照片洗出来,两个人并排坐着,笑得都有点僵。她拿着那张结婚证翻来覆去看了好几遍,然后折好放进包里,说这证我保管。我说行。出了民政局大门,初冬的风灌进来,她把毛背心的领子往上拉了拉,说请你吃碗面吧。我们在街口那家面馆要了两碗阳春面,她把自己碗里的葱花拨了一半到我碗里,说这家面馄饨也好吃,下回请你吃馄饨。
她说"下回"的时候语气很自然,像是我们以后真会一块儿来吃馄饨似的。
分房的事儿挺顺利。双职工加上她工龄够,分了一套两居室,在城西那片新盖的家属院里。钥匙拿到那天她来我办公室找我,我们科室几个人都在,她站在门口冲我招招手,我出去,她把钥匙搁在我手心里,金属冰凉冰凉的。她说分到了,三楼朝南的,采光可好了。
我说那就好。
她说那咱们抽个空把手续办了吧。我说行,你定时间。
她点点头走了。我攥着那把钥匙站在走廊里,钥匙齿硌着手心,上面还带着她手心的温度。
那段时间单位开始年底考核,忙得脚不沾地。离婚的事她没再提,我也没催。过了年又开了春,有一天我去城西办事,路过那片家属院,鬼使神差地拐进去看了一眼。三楼朝南那间窗户开着,阳台上晾着两件衣服,一件男式的灰色夹克,一件女式的碎花衬衫。我站在楼下看了一会儿,那两件衣服被风吹得飘起来,女式的那个袖子缠在男式的上面,打了半个结。
那件灰色夹克是我的。
去年深秋有回聚餐我喝多了,落在她那儿一件外套。第二天她送回来的时候说扣子快掉了,她给缝了两针。我接过衣服看了看,扣子底下确实多了两道线,针脚细密,跟她贴报销单一样仔细。

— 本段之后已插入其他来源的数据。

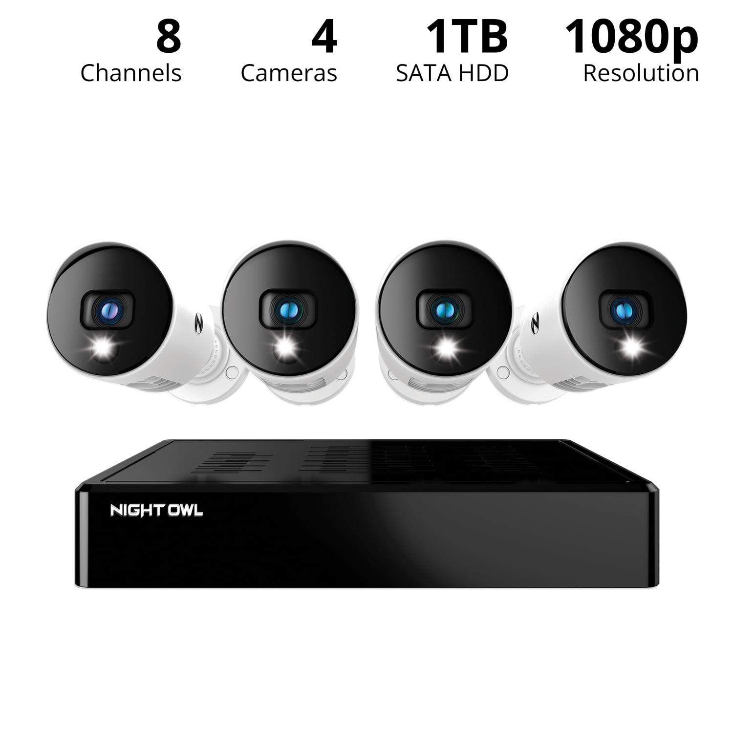 Night Owl Bluetooth 8 Channel DVR with 1TB Hard Drive, and 4 Wired 1080p HD Spotlight Security Cameras, Outdoor, HDMI Connector
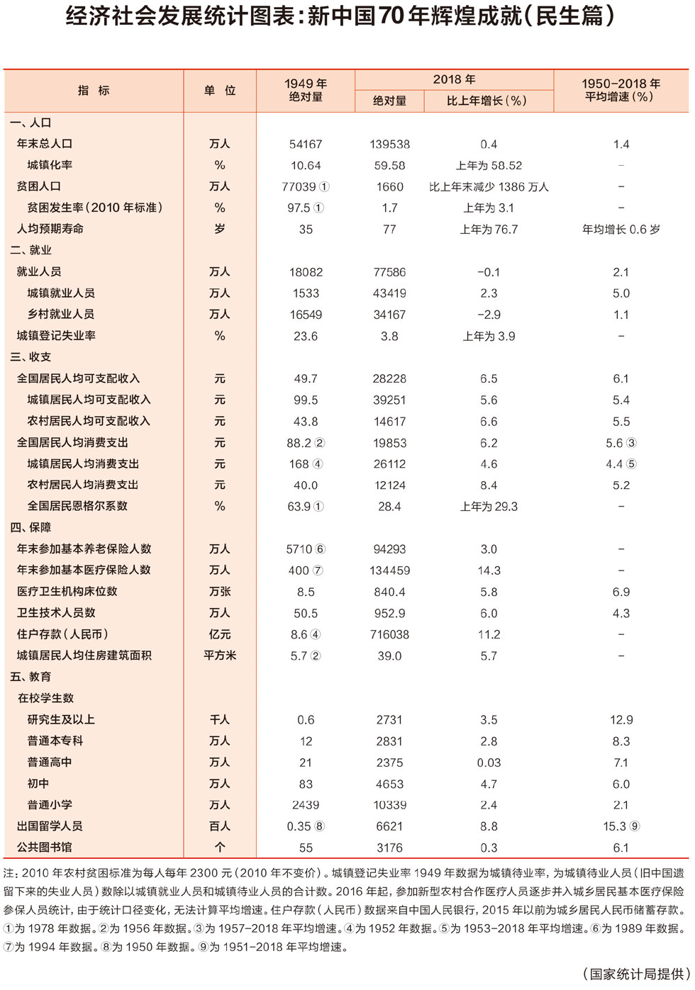 經(jīng)濟(jì)社會(huì)發(fā)展統(tǒng)計(jì)圖表:新中國(guó)70年輝煌成就(民生篇)
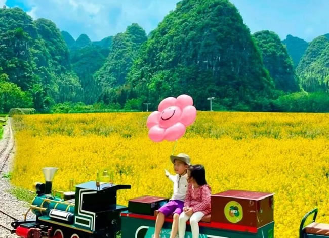 乘坐空調(diào)旅游觀光列車出發(fā),列車上來(lái)自興義的阿哥阿妹帶領(lǐng)大家感受濃濃 的布依族風(fēng)情,一起載歌載舞,感受春日的美好浪漫。

我站在楼下正出神,三楼阳台上突然探出一个脑袋,是她。她看见我也愣了一下,然后冲我喊:"来都来了,上来坐坐。"
我上楼了。那屋收拾得真利索,地上铺着白底蓝花的地板革,擦得能照见人影。窗户是新换的铝合金窗,透亮。她给我倒了杯茶,说这房子真好,冬天暖气特别足,晚上不用盖两床被子了。
她说了些单位的事,说她们科换了新科长,说食堂的包子涨价了五分钱,说楼下那家人养了条狗,每天早上六点准时叫。我听着,喝茶,偶尔应一声。到了该走的时候我站起来,她也站起来,站在门口送我的时候忽然说:"老赵,那事儿……"
我说:"你说了算。"
她张了张嘴,像是要说什么又咽回去了。最后她说:"那再等等吧,最近单位职称评定,已婚的加两分。"
我说行。
出了门走在楼梯上,我听见她在身后把门关上了,咔嗒一声,很轻。那楼梯很长,三级一拐弯,我下了两层忽然站住,从兜里掏出来那枚一直带着的钥匙。她上次给我以后我一直没还,揣在裤兜里,钥匙环都磨亮了。
那年夏天我搬了家,从单位宿舍搬出来,在外头租了间平房。她偶尔会打电话到我办公室,问要不要过来吃饭。我去了几回,她做饭的手艺比我好,西红柿炒蛋不放糖,但就是比我自己炒的好吃。吃完了我洗碗,她在旁边擦桌子,两个人不说话,就听见水龙头的水声和碗碰碗的响动。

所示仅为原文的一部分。